The interim rate reduction could take effect as soon as March and would stay in effect until the Department of Insurance implements a far more complicated method of setting maximum rates. The long-term approach would require companies to submit reams of statistical expense data as described in a 232-page proposed regulation.

The department would use this data to come up with an industry-wide maximum rate for title insurance and escrow fees. To compensate for the industry’s cyclical nature, this rate could go up when home sales or loan volumes shrink and go down when business is booming.

The Department of Insurance regulates all title insurance companies and the escrow companies they own. In Northern California, most escrow companies are owned by title companies.

In Southern California, most escrow companies are independent and regulated by the Department of Corporations, not the insurance department.
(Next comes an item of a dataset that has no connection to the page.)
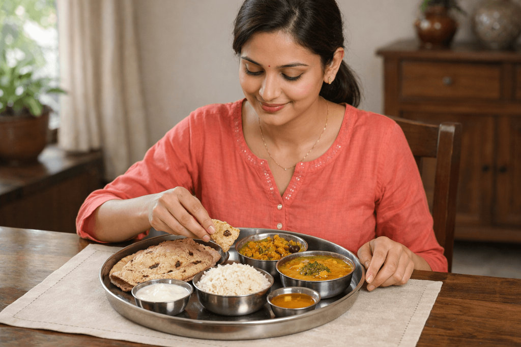 A simple Indian thali works best. Roti or rice, a protein like dal, rajma, chole, paneer or curd, seasonal vegetables, and a little ghee or oil. Eat calmly, without screens. Digestion begins when the mind feels relaxed.

They would not be affected by Garamendi’s proposal directly, but could be affected indirectly.

“If you mandate a 27 percent rate reduction from one big player like the title industry, it’s going to force the independents to lower their rates. It will clearly affect them,” says Mike Belote, a lobbyist for the California Escrow Association.

This is the insurance department’s first attempt to regulate title insurance and escrow prices. Although it regulates rates for other types of insurance, to set title insurance and escrow fees it first had to establish that the market was uncompetitive, which it claims to have done with a number of studies.

Protest march

Before the public hearing, about 65 escrow agents wearing bright blue “Shame on You John Garamendi” T-shirts protested his proposals on the sidewalk outside the department’s offices on Fremont Street

The proposal “would not create competition, it would destroy competition,” said Fran Bulter, incoming president of the California Escrow Association.

Juliana Tu, director of the California Escrow Association, called Garamendi’s proposal “a slap in the face.”

The protesters, like escrow officers in general, were predominantly female. Asked why, Tu said, “Escrow officers need several things: patience and attention to detail. Need I say more?”

Inside the hearing, the department heard first from four experts representing Fidelity National Title Insurance.

Norris Clark, a former deputy commissioner for the department of insurance who now works as a consultant for a law firm, argued that the expense data his former employer is demanding from companies is “incomprehensible” and “unclear.”

Michael Miller, an actuary, objected to an industrywide maximum rate because it would penalize companies with higher-than-average costs and potentially force them out of business, leading to less competition.

He also pointed out that because of lag in data collection and analysis, rates could get “out of sync” with the market and go down when they should be going up or vice versa.

Greg Vistnes, a vice president with CRA International, challenged the department’s research showing the market was not competitive, calling it “fundamentally flawed.”

He said a survey by showed that title insurance in California is slightly cheaper than the national average.

A spokesman for several consumer groups that support Garamendi’s proposal was scheduled to testify in the afternoon.

“I think it’s going to save a lot of people a lot of money,” said Doug Heller of the Foundation for Taxpayer and Consumer Rights, who supports the proposal but was not at the meeting. “I think the insurers will fight. They’ll file a lawsuit I suspect. Garamendi has a pretty good track record in terms of beating the insurers when they try to avoid reforms.”